Your objective: Output the whole listing below exactly, omitting the images.

Data provided START

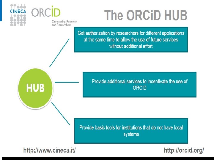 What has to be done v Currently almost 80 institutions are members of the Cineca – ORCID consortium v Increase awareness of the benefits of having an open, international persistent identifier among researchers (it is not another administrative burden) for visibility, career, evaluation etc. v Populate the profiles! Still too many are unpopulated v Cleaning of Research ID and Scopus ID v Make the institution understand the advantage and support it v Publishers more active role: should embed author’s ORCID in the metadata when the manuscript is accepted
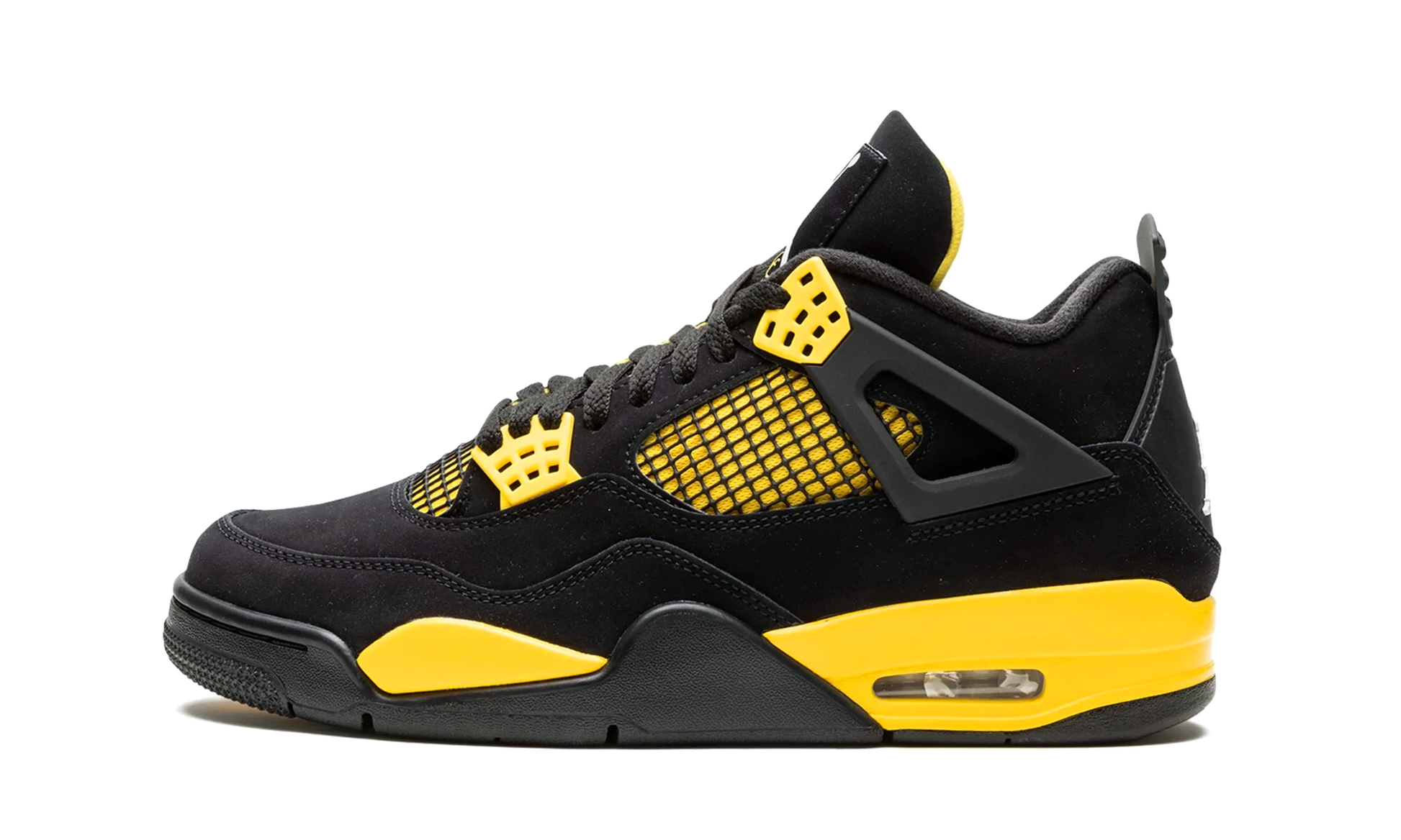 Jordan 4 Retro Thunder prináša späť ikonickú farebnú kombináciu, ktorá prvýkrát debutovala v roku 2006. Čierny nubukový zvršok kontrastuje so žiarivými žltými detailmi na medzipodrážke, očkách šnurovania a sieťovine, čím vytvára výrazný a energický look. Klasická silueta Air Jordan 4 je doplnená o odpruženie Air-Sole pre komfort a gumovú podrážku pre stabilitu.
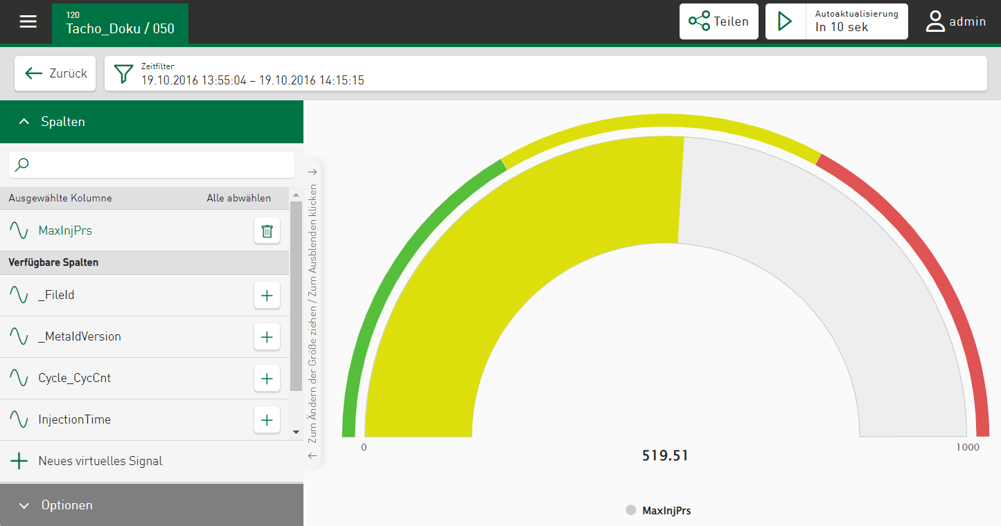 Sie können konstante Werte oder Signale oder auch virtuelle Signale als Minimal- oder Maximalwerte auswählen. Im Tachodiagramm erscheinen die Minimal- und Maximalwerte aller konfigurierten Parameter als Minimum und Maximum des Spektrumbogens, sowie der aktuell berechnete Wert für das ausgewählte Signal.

Data provided END

Completed exercise:
 What has to be done v Currently almost 80 institutions are members of the Cineca – ORCID consortium v Increase awareness of the benefits of having an open, international persistent identifier among researchers (it is not another administrative burden) for visibility, career, evaluation etc. v Populate the profiles! Still too many are unpopulated v Cleaning of Research ID and Scopus ID v Make the institution understand the advantage and support it v Publishers more active role: should embed author’s ORCID in the metadata when the manuscript is accepted
 Jordan 4 Retro Thunder prináša späť ikonickú farebnú kombináciu, ktorá prvýkrát debutovala v roku 2006. Čierny nubukový zvršok kontrastuje so žiarivými žltými detailmi na medzipodrážke, očkách šnurovania a sieťovine, čím vytvára výrazný a energický look. Klasická silueta Air Jordan 4 je doplnená o odpruženie Air-Sole pre komfort a gumovú podrážku pre stabilitu.
 Sie können konstante Werte oder Signale oder auch virtuelle Signale als Minimal- oder Maximalwerte auswählen. Im Tachodiagramm erscheinen die Minimal- und Maximalwerte aller konfigurierten Parameter als Minimum und Maximum des Spektrumbogens, sowie der aktuell berechnete Wert für das ausgewählte Signal.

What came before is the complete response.